**TASK PROMPT**
Could you set down the listing below exactly, leaving out its pictures?

**DATA BELOW**
▬▬▬▬▬▬
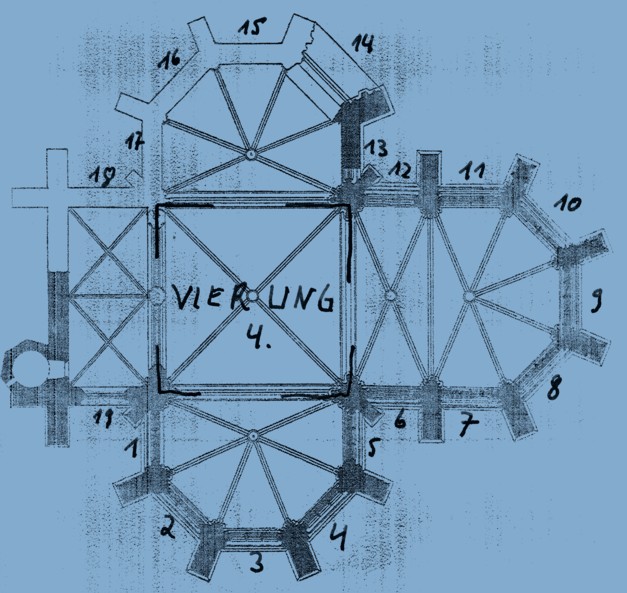 Spekulation aber wäre ob die jeweilige Länge der Vierung um  8,60 so rum der 87 entspricht, dem Jahr. Bestimmt aber konnten die Baumeister nicht ahnen, was erst die Absurdität der Geschichte baut und schaft, das sich die 12 des Jahrhunderts in den noch jetzt 12 übrig gebliebenen hohen Fenstern spiegelt.
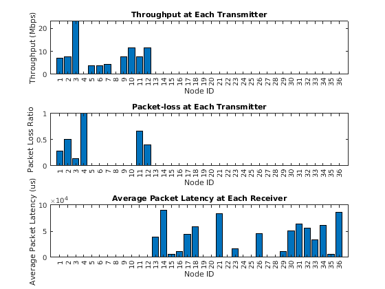 % Plot the throughput, packet loss ratio, and average packet latency at each node
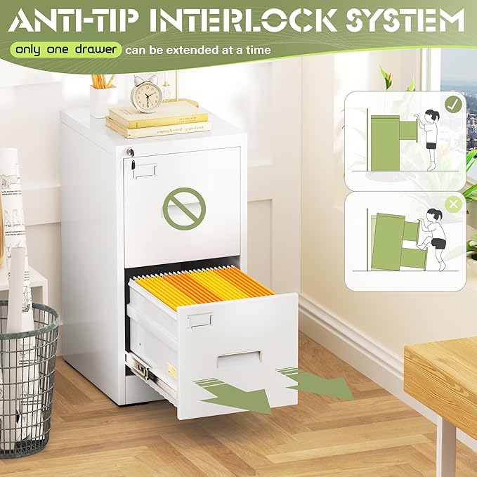 - 【High security】Two-drawer file cabinet with Lock is equipped with a built-in interlocking system to ensure drawer security. One locks with two keys ensures that your files are safe and easy to manage. The cabinet with drawers can be locked into two drawers at the same time with a lock, which is smooth and easy to operate.
▬▬▬▬▬▬
**SOLUTION FOR THIS EXERCISE**
 Spekulation aber wäre ob die jeweilige Länge der Vierung um  8,60 so rum der 87 entspricht, dem Jahr. Bestimmt aber konnten die Baumeister nicht ahnen, was erst die Absurdität der Geschichte baut und schaft, das sich die 12 des Jahrhunderts in den noch jetzt 12 übrig gebliebenen hohen Fenstern spiegelt.
 % Plot the throughput, packet loss ratio, and average packet latency at each node
 - 【High security】Two-drawer file cabinet with Lock is equipped with a built-in interlocking system to ensure drawer security. One locks with two keys ensures that your files are safe and easy to manage. The cabinet with drawers can be locked into two drawers at the same time with a lock, which is smooth and easy to operate.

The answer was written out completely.